ORR processes at Pt(hkl) surfaces in acidic conditions

First, we obtained the polarization curves of the ORR process at three Pt(hkl) rotating disk electrode (RDE) surfaces in a 0.1 M HClO4 electrolyte solution saturated with O2; the rotation rate was 1,600 r.p.m.. We found that the ORR activity of Pt(hkl) decreased in the sequence (111) > (110) > (100) in the HClO4 solution (Fig. 2a). The O2 reduction current begins around 1.0 V and then quickly achieves its limiting diffusion current around 0.7 V when following the negative sweep direction (Fig. 2a and Supplementary Fig. 5). In the limiting diffusion potential range (0.3 V ~ 0.7 V), the ORR activity of Pt(hkl) is completely controlled by the mass transfer of oxygen. When the potential decreases below 0.3 V, the limiting diffusion current begins to decrease due to hydrogen adsorption at the Pt(hkl) electrode surface. The adsorbed hydrogen increases the difficulty of breaking the O–O bond of oxygen molecules, as there are not enough adjacent vacancies for O2 adsorption at the Pt(hkl) surfaces. As a result, the oxygen molecules will partly form H2O2(ref. 37). As can be observed in Fig. 2a, the onset potentials of the ORR for Pt(111) and Pt(110) are similar, whereas the onset potential is much lower for Pt(100). In previous works it was observed that the ORR activity of the surfaces containing both (111) terraces and (110) steps would increase with the increase of the number of (110), therefore indicating that Pt(110) is more active than Pt(111)38. In this work this difference is less noticeable since negatively directed sweeps from 1.0 V are shown (to compare them with the spectroscopic results), and Pt(110) initially presents PtO species (Supplementary Note 1 and Supplementary Fig. 2). Therefore, in the negatively directed sweeps the activity of Pt(110) is partially inhibited by the presence of these surface oxides. In the positively directed sweeps the surface oxides are not present, and the previously reported activity is recovered. To explore the ORR mechanism at Pt(hkl) surfaces, the in situ EC-SHINERS method was employed to evaluate the ORR system in a 0.1 M HClO4 solution. Since the electrode in the Raman cell is not able to rotate during the ORR experiment, the limiting ORR diffusion current is slightly different compared to the RDE system. Nevertheless, the starting potential and the potential range of the ORR without rotation were almost the same as the RDE system (Supplementary Note 4 and Supplementary Figs. 5,6).

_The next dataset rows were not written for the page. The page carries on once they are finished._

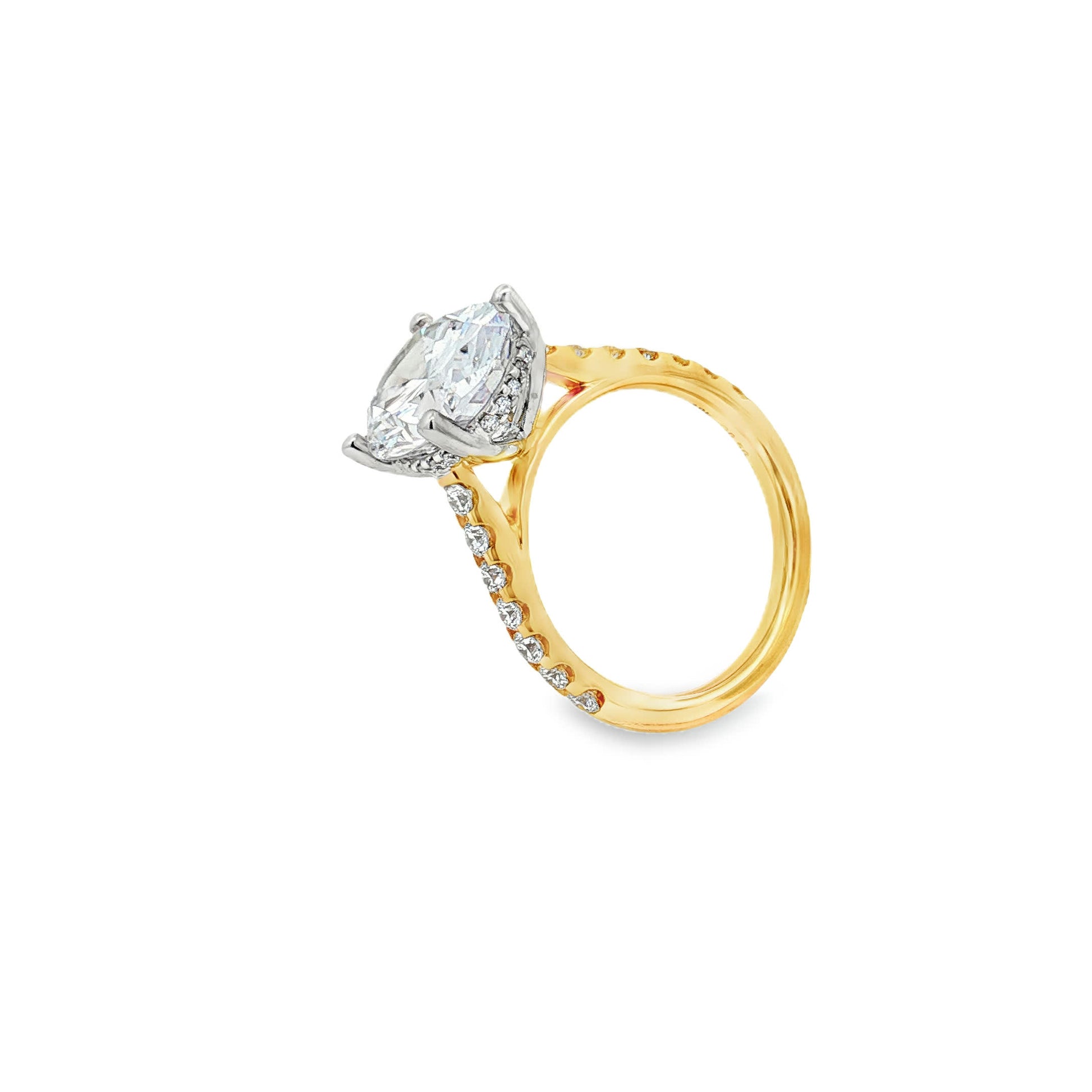 This KJ5 engagement ring is crafted in 18K Yellow Gold and is designed to hold a oval center stone. The shank features 0.58 carats of pave diamonds. This engagement ring mounting does not include the center diamond.
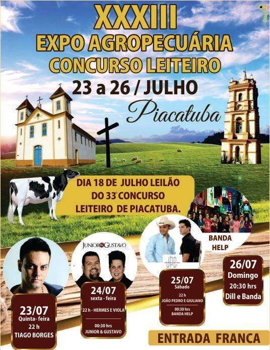 A 33ª Exposição Agropecuária de Piacatuba, distrito de Leopoldina, começa nesta quinta-feira (23) e segue até domingo (26). A entrada é franca.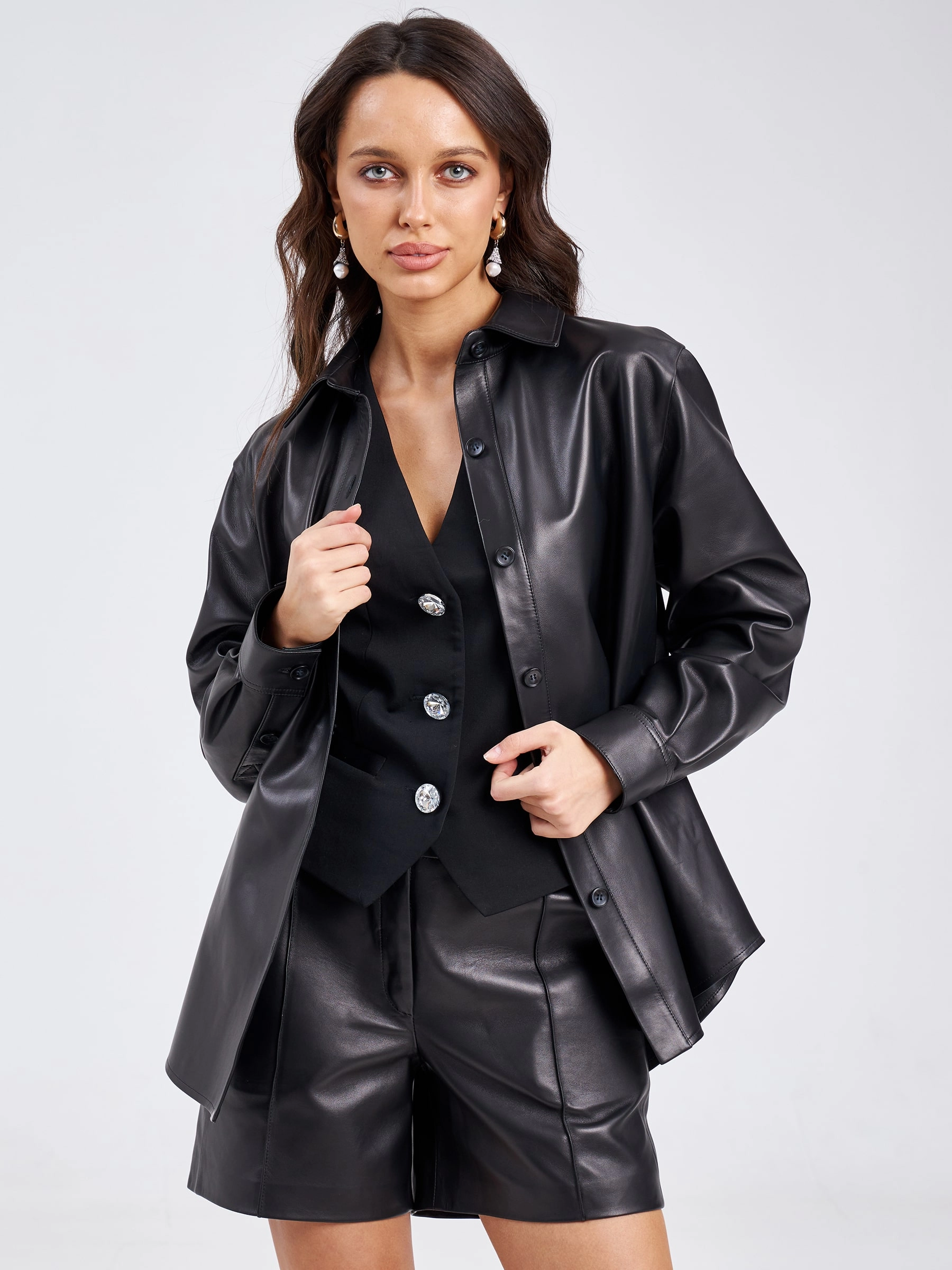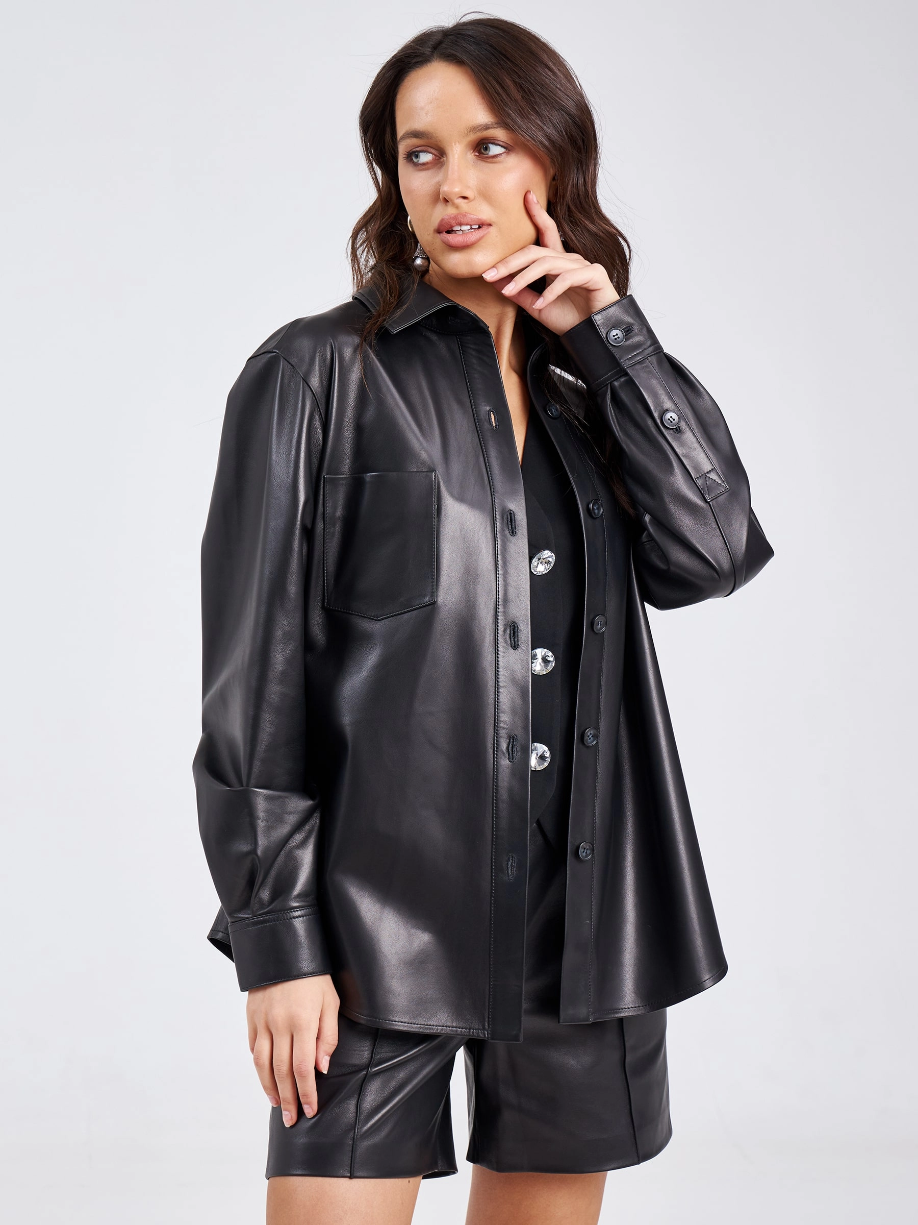 Женская рубашка прямого кроя, с длинными рукавами и отложным воротником, станет отличным решением в прохладные дни. Для пошива модели мастера выбрали мягкую кожу премиум класс. Изменить силуэт поможет тонкий кожаный ремень.

Fig. 2: Electrochemical results of the ORR process at Pt(hkl) surfaces in acidic conditions and correlated EC-SHINERS and DFT results of the ORR at a Pt(111) surface.
figure 2

a, Polarization curves of the ORR process at three Pt(hkl) RDEs in oxygen-saturated 0.1 M HClO4 solutions; the rotation rate was 1,600 r.p.m. and the scan rate was 50 mV s−1. j and E represent the current density and potential, respectively. b, EC-SHINERS spectra of the ORR system at a Pt(111) electrode surface in a 0.1 M HClO4 solution saturated with O2. c, Normalized EC-SHINERS intensities of the stretching mode of O–OH around 732 cm–1 at different potentials. The polarization curve of the ORR process at the Pt(111) surface in a 0.1 M HClO4 solution saturated with O2, the rotation rate was 1,600 r.p.m. and the scan rate was 50 mV s−1. The arrows in panels a, b and c represent the potential scanning direction, and all the potentials are relative to the reversible hydrogen electrode (RHE). d, Side-view illustrations of HO2* at different stable adsorption configurations at a Pt(111) surface on top site and bridge site adsorption structures. The silver-grey, red and white spheres represent Pt, O and H atoms, respectively.

The EC-SHINERS spectra of the ORR at Pt(111) electrodes were obtained over the potential range from 1.1 V to 0.5 V. During the negative potential excursion, there was no observable Raman signal in the range from 400 to 1,200 cm−1 until 0.8 V, except for the peak at 933 cm−1 (Fig. 2b). The peak at 933 cm−1 was attributed to the symmetric stretching mode of the perchlorate ion, \({\rm{\nu}}_{{\rm{s}}({\rm{CIO}}4^{-})}\). As the potential decreased, another obvious Raman band around 732 cm−1 in the acidic solution appeared when the potential reached 0.8 V, which further increased as the potential reached 0.6 V (Fig. 2c). Furthermore, a deuterium isotopic substitution measurement was carried out (Supplementary Note 5 and Supplementary Fig. 7). In the deuterium isotopic experiment, the peaks around 732 cm−1 were shifted to lower wavenumbers of around 705 cm−1, which implied that the intermediates should be correlated with a ‘H’ atom. Although the first candidate considered for 732 cm−1 involves the O–O stretching vibration of H2O2, this molecule is unlikely to be stable at the Pt(111) surface, and would be immediately oxidized or reduced further to oxygen or water. According to electrochemical results39,40, we can confirm that the peak around 732 cm−1 belongs to the O–O stretching vibration of adsorbed HO2* on Pt(111), which can also be considered as an important intermediate species of the ORR process40. The DFT method was also employed to calculate the vibrational frequencies of HO2* species at Pt(111) (Supplementary Note 12 and Supplementary Fig. 21). From the DFT results, we found that there were two different stable adsorption configurations of HO2* at the Pt(111) surface, on top (t-b) site and bridge (b-b) site (Fig. 2d) (the Pt–O distances were 2.008 Å and 2.020 Å, respectively) adsorption structures, and the correlated Raman frequencies of the O–O stretching vibration for these two different structures were 839 cm−1 and 726 cm−1, respectively. This means that the peaks around 732 cm−1 in our experiment can be assigned to the O–O stretching vibration of the b-b adsorption structure of HO2*.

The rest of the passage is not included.